- Born: 28 November 1916 Port-au-Prince, Haiti
- Died: 13 February 2013 (aged 96) Port-au-Prince, Haiti
- Occupation: artist
- Years active: 1941–1960

= Andrée Malebranche =

Haitian artist (1916–2013)

Andrée Malebranche (28 November 1916 – 13 February 2013) was an Afro-Haitian painter and art instructor. She has works included in the collections of the Musée d'Art Haïtien and was recognized by the Haitian government for her contributions to the development of Haitian painting.

==Early life==
Andrée Malebranche was born on 28 November 1916 in Port-au-Prince, Haiti, to Clio (née Lemaire) and Lelio Malebranche. Growing up in an affluent family, her desire to work as an artist was an unusual path for the times, but from a young age, Malebranche wanted to learn painting. During her childhood, the United States occupied Haiti, which had a profound effect on her desire overcome the suppression of her African and Haitian heritage. After completing her primary education in private schools, she attended the École Normal and graduated in 1938. As her father was appointed as the Haitian envoy to Cuba, Malebranche continued her studies at the Ciriulo da Bella Artes in Havana, obtaining her baccalauréat in 1941.

==Career==
The year that she graduated, Malebranche held her first exhibition in Port-au-Prince and the following year, exhibited in Vedado at the Lyceum and Lawn Tennis Club. The international exhibit was one of the first to feature a Haitian woman's work outside of the country. One of the co-founders, along with Maurice Borno, Albert Mangonès, Lucien Price, and Georges Remponeau, of the Centre d’Art d'Haïti, Malebranche taught painting and drawing at the Centre beginning in 1944. In 1947, she had her first exhibit in the United States, exhibiting at the 44th Street Gallery in New York City.

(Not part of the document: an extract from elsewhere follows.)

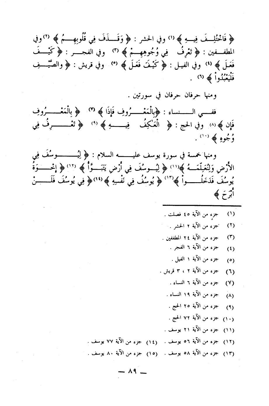 {فَاخْتُلِفَ فِيهِ} (¬1) وفي الحشر: {وَقَذَفَ فِي قُلُوبِهِمُ} (¬2) وفي المطففين: {تَعْرِفُ فِي وُجُوهِهِمْ} (¬3) وفي الفجر: {كَيْفَ فَعَلَ} (¬4) وفي الفيل: {كَيْفَ فَعَلَ} (¬5) وفي قريش: {والْصَّيْفِ فَلْيَعْبُدُواْ} (¬6).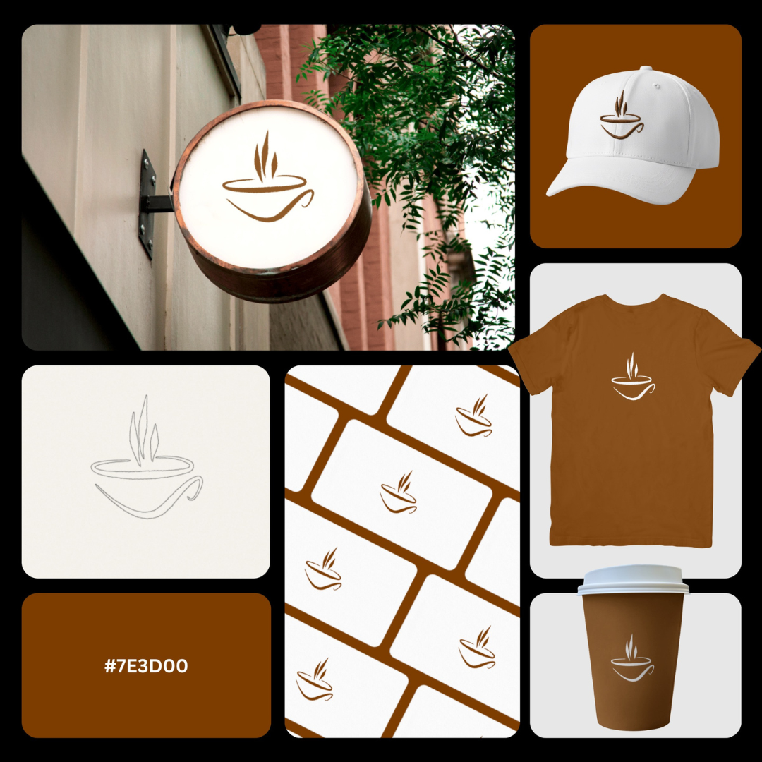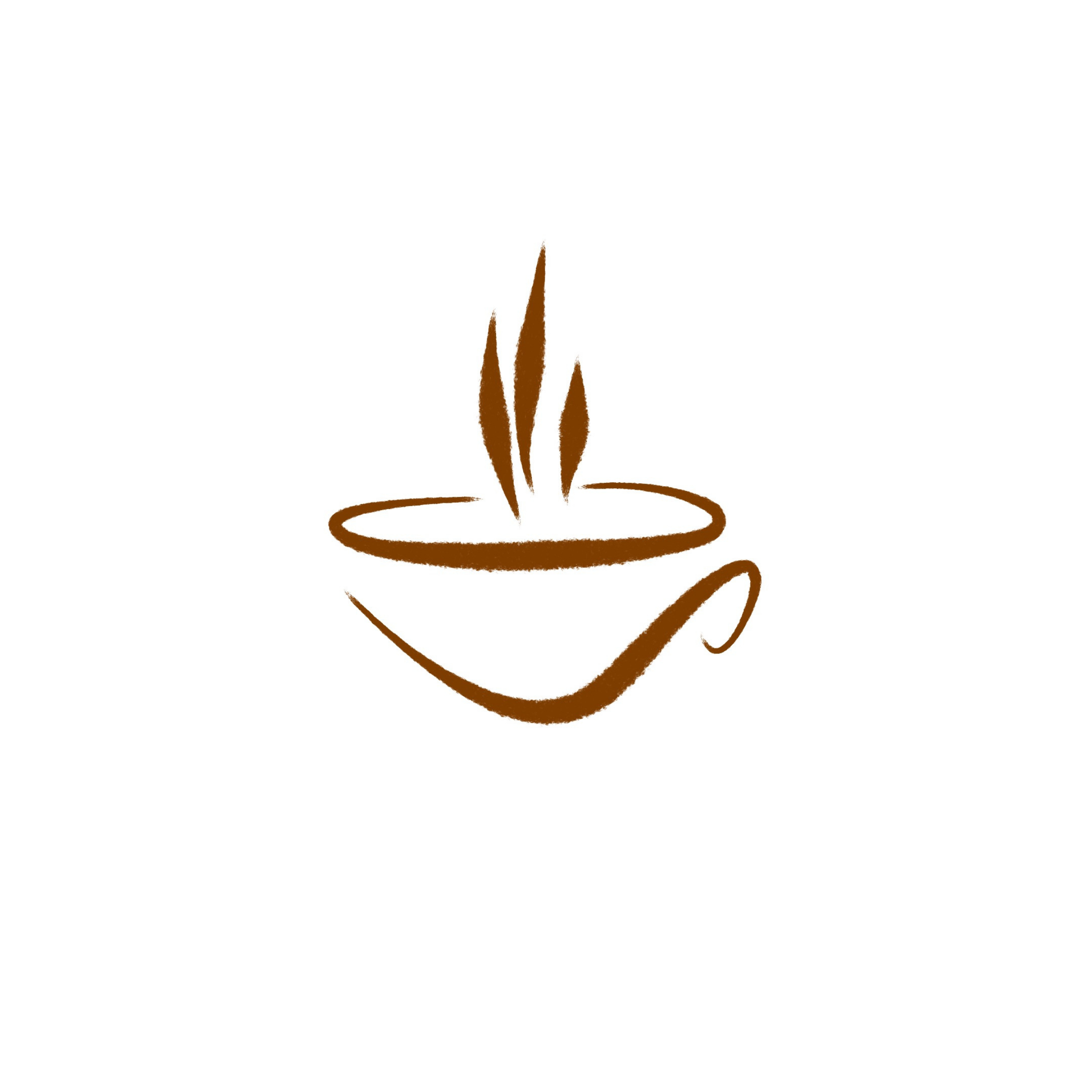 The cup communicates hospitality + service, while the rising steam evokes fresh brew, warmth, and aroma. The brush-style lines add a human touch subtly signaling handcrafted drinks, small-batch roasting, and artisan coffee moments, without needing complex illustration. |

In 1945, commissioned with Gérald Bloncourt and James Peterson through the Centre d’Art, Malebranche created murals for the chapel of Sainte-Marie-Thérèse in Pétion-Ville. These were some of the first murals created in Haiti. In her mural, Holy Family, she depicted the family as Haitian peasants, making a black Madonna, Joseph and the Christ Child. When the curate of the chapel was replaced, Rev. Poirier ordered the painting destroyed in 1960 because he felt it showed inappropriate references to race and class. Other of her works featured black and indigenous women from Cuba and Mexico, presenting an honest depiction of the human condition and difficulty of their lives. She avoided colorful exotic scenes of markets and musicians, voodoo or heroic icons, instead focusing on the lives of poverty stricken peasants or urban poor women. Her palette was often subdued shades of grays and browns with dark backgrounds, in which the figures melted into the blackness.

Like many women artists, Malebranche struggled to achieve recognition and like other women in her period were omitted from books discussing Haitian art. Because socially, there were perceptions that women should remain in the home, she had to develop unique venues to show her art, exhibiting in places like dress shops, rather than art galleries. Throughout her career, Malebranche exhibited works in Brazil, France, Mexico, and the United States. Most of her works went into private collections, though she has paintings in the permanent collection of the Musée d'Art Haïtien. In 2007, the Ministry of the Condition of Women of Haiti presented her with a plaque in recognition of her contributions to the development of painting in Haiti. Two years later, she was recognized with "honor and merit" by the government.

==Death and legacy==
Malebranche died on 13 February 2013 at her home in La Boule, a suburb of Port-au-Prince and her funeral was held in Pétion-Ville on 20 February. She is remembered as one of the pioneering women artists in Haiti and was honored in 2016 among other women artists at the Feminist Festival Nègès Mawon.